*MATERIAL PROVIDED*.
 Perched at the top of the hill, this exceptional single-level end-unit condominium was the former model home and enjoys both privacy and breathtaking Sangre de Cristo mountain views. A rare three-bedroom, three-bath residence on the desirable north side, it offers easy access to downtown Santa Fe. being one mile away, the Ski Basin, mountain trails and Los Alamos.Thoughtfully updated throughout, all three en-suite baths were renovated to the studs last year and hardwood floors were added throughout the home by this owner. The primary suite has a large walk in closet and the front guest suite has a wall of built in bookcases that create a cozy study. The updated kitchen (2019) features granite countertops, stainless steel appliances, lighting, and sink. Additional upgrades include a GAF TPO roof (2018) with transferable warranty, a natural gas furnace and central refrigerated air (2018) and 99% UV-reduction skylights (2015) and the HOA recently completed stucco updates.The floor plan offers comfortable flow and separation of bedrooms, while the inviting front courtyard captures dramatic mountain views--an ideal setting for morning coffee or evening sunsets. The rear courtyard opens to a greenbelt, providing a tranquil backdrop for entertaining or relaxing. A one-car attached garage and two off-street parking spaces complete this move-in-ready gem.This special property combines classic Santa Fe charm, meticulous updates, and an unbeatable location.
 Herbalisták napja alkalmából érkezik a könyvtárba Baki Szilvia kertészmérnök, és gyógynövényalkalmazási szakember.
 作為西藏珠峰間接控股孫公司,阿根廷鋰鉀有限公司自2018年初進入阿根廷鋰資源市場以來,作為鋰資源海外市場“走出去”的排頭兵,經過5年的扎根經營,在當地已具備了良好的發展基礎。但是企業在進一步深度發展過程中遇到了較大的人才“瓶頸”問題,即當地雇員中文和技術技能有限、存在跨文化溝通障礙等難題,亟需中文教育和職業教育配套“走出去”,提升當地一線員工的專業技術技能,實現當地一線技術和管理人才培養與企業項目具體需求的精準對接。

*WHAT TO PRODUCE*. Without altering a single word, copy the listing above.

*FINAL ANSWER*.
 Perched at the top of the hill, this exceptional single-level end-unit condominium was the former model home and enjoys both privacy and breathtaking Sangre de Cristo mountain views. A rare three-bedroom, three-bath residence on the desirable north side, it offers easy access to downtown Santa Fe. being one mile away, the Ski Basin, mountain trails and Los Alamos.Thoughtfully updated throughout, all three en-suite baths were renovated to the studs last year and hardwood floors were added throughout the home by this owner. The primary suite has a large walk in closet and the front guest suite has a wall of built in bookcases that create a cozy study. The updated kitchen (2019) features granite countertops, stainless steel appliances, lighting, and sink. Additional upgrades include a GAF TPO roof (2018) with transferable warranty, a natural gas furnace and central refrigerated air (2018) and 99% UV-reduction skylights (2015) and the HOA recently completed stucco updates.The floor plan offers comfortable flow and separation of bedrooms, while the inviting front courtyard captures dramatic mountain views--an ideal setting for morning coffee or evening sunsets. The rear courtyard opens to a greenbelt, providing a tranquil backdrop for entertaining or relaxing. A one-car attached garage and two off-street parking spaces complete this move-in-ready gem.This special property combines classic Santa Fe charm, meticulous updates, and an unbeatable location.
 Herbalisták napja alkalmából érkezik a könyvtárba Baki Szilvia kertészmérnök, és gyógynövényalkalmazási szakember.
 作為西藏珠峰間接控股孫公司,阿根廷鋰鉀有限公司自2018年初進入阿根廷鋰資源市場以來,作為鋰資源海外市場“走出去”的排頭兵,經過5年的扎根經營,在當地已具備了良好的發展基礎。但是企業在進一步深度發展過程中遇到了較大的人才“瓶頸”問題,即當地雇員中文和技術技能有限、存在跨文化溝通障礙等難題,亟需中文教育和職業教育配套“走出去”,提升當地一線員工的專業技術技能,實現當地一線技術和管理人才培養與企業項目具體需求的精準對接。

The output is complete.